CONTACT YOUR CONGRESSMAN AND REQUEST HE OPPOSE THE BIGGS AMENDMENT #129






OPPOSE the Biggs Amendment #129 to Cut the Land and Water Conservation Fund

  • Biggs’ amendment #129 is an attack on the Land and Water Conservation Fund, America’s most important conservation and recreation program. It presents a false choice between key investments in our public lands, which have long been underfunded by shortchanging both LWCF and the parks maintenance budget.   This misguided amendment would rob Peter to pay Paul, defunding key Bureau of Land Management conservation priorities to address just a tiny fraction of deferred parks maintenance needs.  That is an unacceptable trade-off.
  • In addition to National Parks, forests, trails, wildlife refuges, and historic sites, LWCF protects working landscapes and state and local parks, so that Americans can hunt, fish, camp, paddle, climb and otherwise recreate close to home or far afield, from backyards to the backcountry. This program has a 53-year track record of success touching every state (indeed nearly every county) and fuels the $887 billion outdoor recreation economy, which supports 7.6 million homegrown, non-exportable American jobs.
  • LWCF has broad bipartisan support. More than 200 Members signed a letter supporting strong appropriations for LWCF in FY19, and 230 are now cosponsors of legislation to make this critical program permanent.  HR 6147 already cuts LWCF by 15% from the enacted level, meaning that now-or-never projects all over the country will be left behind, new access to public lands denied, and special places lost forever.  Additional cuts would add insult to injury, and would further frustrate already-underfunded sportsmen’s access and other needs.
  • The maintenance backlog at our national parks is a serious problem that needs attention, but this amendment presents a false choice that should be rejected. Any marginal increase in maintenance spending should absolutely NOT come at the expense of hunting and fishing access and other community needs.
  • Sportsmen, recreationists, outdoor business owners, ranchers, conservationists, land trusts working in their local communities, and indeed advocates for our National Parks all agree—these issues are two sides of the same coin, and cannot be pitted against each other. Now-or-never conservation and recreation access priorities, faced with imminent sale and development, cannot be put on hold or traded away.

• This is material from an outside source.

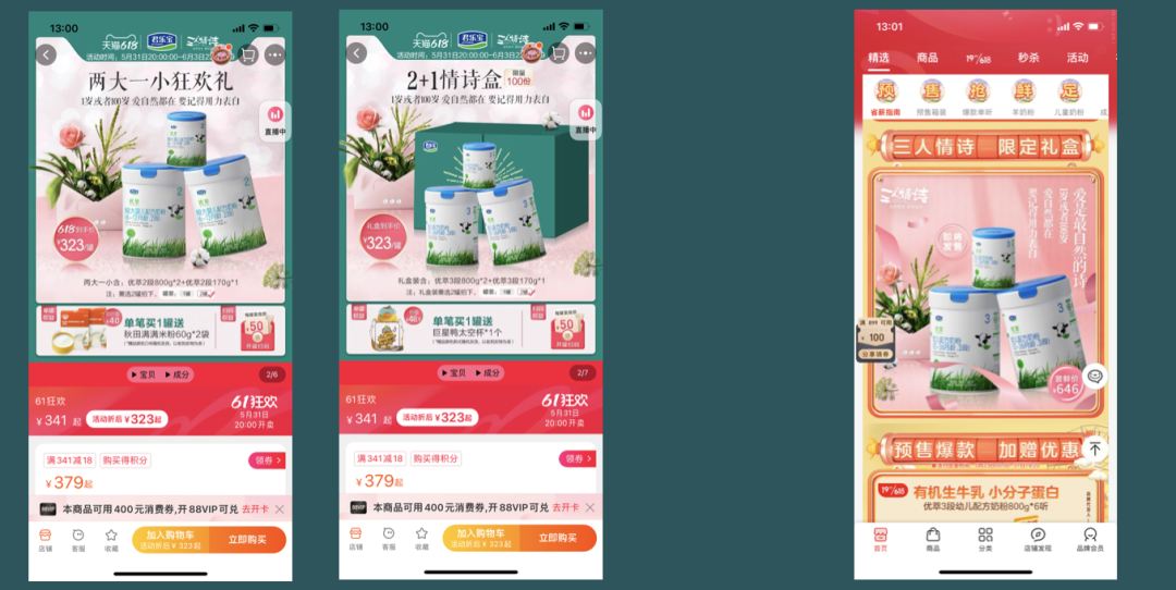 在转化效果端,为品牌完成销售闭环,通过天猫、京东站内多频曝光『两大一小新鲜礼』礼盒,强势刺激消费者的热情。

  • The unwarranted reduction in LWCF funding proposed by the amendment ignores the value of inholding acquisition to solving ongoing management problems. Nearly all LWCF-acquired lands are inholdings amid other federal lands, where consolidated ownership improves management efficiency without raising operating costs.  These acquisitions often reduce management costs (including wild land-urban interface firefighting costs that have been exponentially growing), resolve conflicts, and help communities address ongoing management issues such as invasive species, wildfire, etc.

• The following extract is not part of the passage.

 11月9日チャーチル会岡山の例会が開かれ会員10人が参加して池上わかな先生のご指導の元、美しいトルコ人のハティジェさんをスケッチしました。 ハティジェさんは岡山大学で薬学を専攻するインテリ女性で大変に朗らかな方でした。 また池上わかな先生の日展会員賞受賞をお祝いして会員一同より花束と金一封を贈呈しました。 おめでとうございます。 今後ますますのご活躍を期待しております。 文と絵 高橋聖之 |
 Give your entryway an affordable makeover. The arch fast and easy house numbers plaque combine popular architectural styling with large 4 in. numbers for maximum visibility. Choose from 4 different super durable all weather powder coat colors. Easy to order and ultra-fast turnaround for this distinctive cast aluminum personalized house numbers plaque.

  • LWCF is the only source of funding to protect the key missing pieces of our public land puzzle from being sold off. This applies as strongly to BLM-administered National Recreation Areas, National Scenic and Historic Trails, National Conservation Areas, and National Monuments as it does to NPS-administered National Parks. It makes no sense to invest in maintaining our public lands at the expense of losing pieces within them. 
  • This amendment is a tired replay of the same attack on LWCF led by ideological opponents of federal land, who are using the sentimental attachment of Americans to the National Parks as a wedge to prevent any further conservation of places we all love, use and enjoy. A majority of this House is already on record rejecting reductions in funding for this critical, bedrock conservation law. The Biggs amendment proposes to do just that despite the already-expressed will of the House , and so the amendment must be forcefully rejected.